_Working data:_
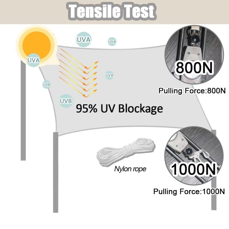 - 【Waterproof】: Our shade sail is made of 300D Oxford fabric with PU Waterproof coating,does not allow water/wind to go through.(the sail needs to be stretched tightly enough to make a taut, flat surface for water to slide down.)
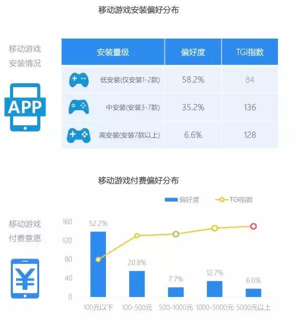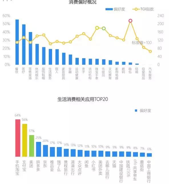 游戏佳人整体比较偏好餐饮、医疗、零售卖场等消费,注重吃穿以及健康,相比移动互联网人群,游戏佳人在箱包的TGI指数超过200,说明她们对箱包情有独钟;在生活消费的移动应用上,她们偏好手机淘宝、支付宝、美团、拼多多和京东等App。
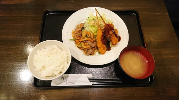 07/27 牛スライスの焼き肉、串カツ(豚肉、玉ねぎ)(珈琲付¥850-)
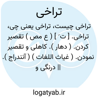 تراخی. [ ت َ ] ( ع مص ) تقصیر کردن. ( دهار ). کاهلی و تقصیر نمودن. ( غیاث اللغات ) ( آنندراج ). || درنگی و سستی و درنگ کردن، یقال: تراخی السماء؛ای ابطأت. ( منتهی الارب ). درنگی و سستی و درنگی کردن: تراخی السماء؛ درنگی کرد آسمان و نبارید. ( ناظم الاطباء ). تأخیر کردن. ( غیاث اللغات ). تأخیر کردن و دیر باریدن باران. ( آنندراج ). تأخر. ( آنندراج ) ( المنجد ). تباطؤ. ( المنجد ). تقاعس. ( اقرب الموارد ): تراخت السماء؛ ای ابطاء المطر. ( المنجد ). || بطول انجامیدن و به تعویق افتادن کاری. ( المنجد ): هر کاری را غایتی است و هر مبدأی را نهایتی که تراخی و تأخیر در توهم نمی گنجد. ( جهانگشای جوینی ). و چون مدتی از موعد بگذشت و در وصول تراخی تمام افتاد. ( جهانگشای جوینی ). و در آن چند روز خبر مغول تراخی گرفته بود. ( جهانگشای جوینی ). || سستی اسب در تاختن. ( المنجد ). || تباعد. ( اقرب الموارد ) ( المنجد ). || ( اصطلاح اصول ) واپس انداختن عمل از اول وقت آن، تا گاهی که ظن فوت آن رود. و تراخی ضد فور است. ( کشاف اصطلاحات الفنون ).
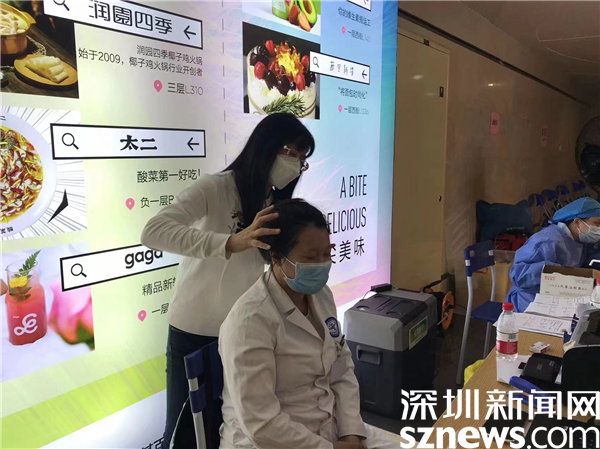 5月1日下午,老圍社區(qū)黨委書記許少瓊來到KKMALL商場負一樓的疫苗接種點,看望現(xiàn)場的工作人員和醫(yī)務人員,檢查當天的疫苗接種情況,并與工作人員一起動員來往行人進行加強針的接種。當她聽說負責登記的醫(yī)生因為淋雨著涼而頭疼得厲害,卻還在默默堅持時,許少瓊立刻走到醫(yī)生的身后,為醫(yī)生按摩頭部。被按摩的醫(yī)生一再說,“很舒服,輕松了很多?!逼鋵崳@一天,連續(xù)工作4個月無休的許少瓊,身體也不是很好,但她用堅強的毅力壓抑了身體的不適,以一貫的積極樂觀影響帶動著身邊的同事。
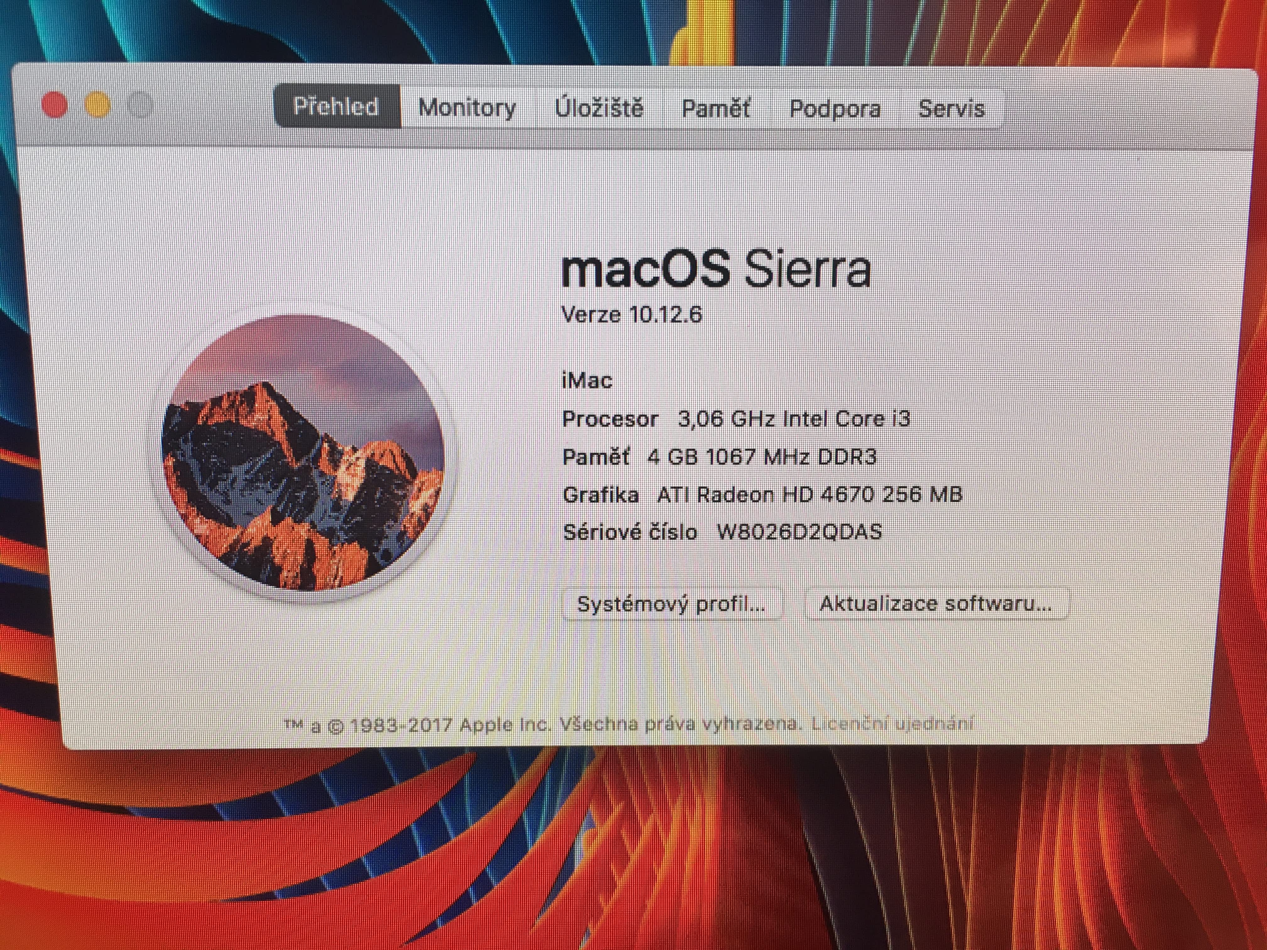 Apple iMac 21.5" rok 2010, procesor i3 3.06 GHz, pamet 4GB (mozno +4 GB za 500 Kc), disk 500 GB, graficka karta ATI Radeon HD 4670 256MB, nainstalovan system OS Sierra

_Exercise aim:_ Would you please give the material above again, unchanged but without pictures?

_Result of the exercise:_
 - 【Waterproof】: Our shade sail is made of 300D Oxford fabric with PU Waterproof coating,does not allow water/wind to go through.(the sail needs to be stretched tightly enough to make a taut, flat surface for water to slide down.)
 游戏佳人整体比较偏好餐饮、医疗、零售卖场等消费,注重吃穿以及健康,相比移动互联网人群,游戏佳人在箱包的TGI指数超过200,说明她们对箱包情有独钟;在生活消费的移动应用上,她们偏好手机淘宝、支付宝、美团、拼多多和京东等App。
 07/27 牛スライスの焼き肉、串カツ(豚肉、玉ねぎ)(珈琲付¥850-)
 تراخی. [ ت َ ] ( ع مص ) تقصیر کردن. ( دهار ). کاهلی و تقصیر نمودن. ( غیاث اللغات ) ( آنندراج ). || درنگی و سستی و درنگ کردن، یقال: تراخی السماء؛ای ابطأت. ( منتهی الارب ). درنگی و سستی و درنگی کردن: تراخی السماء؛ درنگی کرد آسمان و نبارید. ( ناظم الاطباء ). تأخیر کردن. ( غیاث اللغات ). تأخیر کردن و دیر باریدن باران. ( آنندراج ). تأخر. ( آنندراج ) ( المنجد ). تباطؤ. ( المنجد ). تقاعس. ( اقرب الموارد ): تراخت السماء؛ ای ابطاء المطر. ( المنجد ). || بطول انجامیدن و به تعویق افتادن کاری. ( المنجد ): هر کاری را غایتی است و هر مبدأی را نهایتی که تراخی و تأخیر در توهم نمی گنجد. ( جهانگشای جوینی ). و چون مدتی از موعد بگذشت و در وصول تراخی تمام افتاد. ( جهانگشای جوینی ). و در آن چند روز خبر مغول تراخی گرفته بود. ( جهانگشای جوینی ). || سستی اسب در تاختن. ( المنجد ). || تباعد. ( اقرب الموارد ) ( المنجد ). || ( اصطلاح اصول ) واپس انداختن عمل از اول وقت آن، تا گاهی که ظن فوت آن رود. و تراخی ضد فور است. ( کشاف اصطلاحات الفنون ).
 5月1日下午,老圍社區(qū)黨委書記許少瓊來到KKMALL商場負一樓的疫苗接種點,看望現(xiàn)場的工作人員和醫(yī)務人員,檢查當天的疫苗接種情況,并與工作人員一起動員來往行人進行加強針的接種。當她聽說負責登記的醫(yī)生因為淋雨著涼而頭疼得厲害,卻還在默默堅持時,許少瓊立刻走到醫(yī)生的身后,為醫(yī)生按摩頭部。被按摩的醫(yī)生一再說,“很舒服,輕松了很多?!逼鋵崳@一天,連續(xù)工作4個月無休的許少瓊,身體也不是很好,但她用堅強的毅力壓抑了身體的不適,以一貫的積極樂觀影響帶動著身邊的同事。
 Apple iMac 21.5" rok 2010, procesor i3 3.06 GHz, pamet 4GB (mozno +4 GB za 500 Kc), disk 500 GB, graficka karta ATI Radeon HD 4670 256MB, nainstalovan system OS Sierra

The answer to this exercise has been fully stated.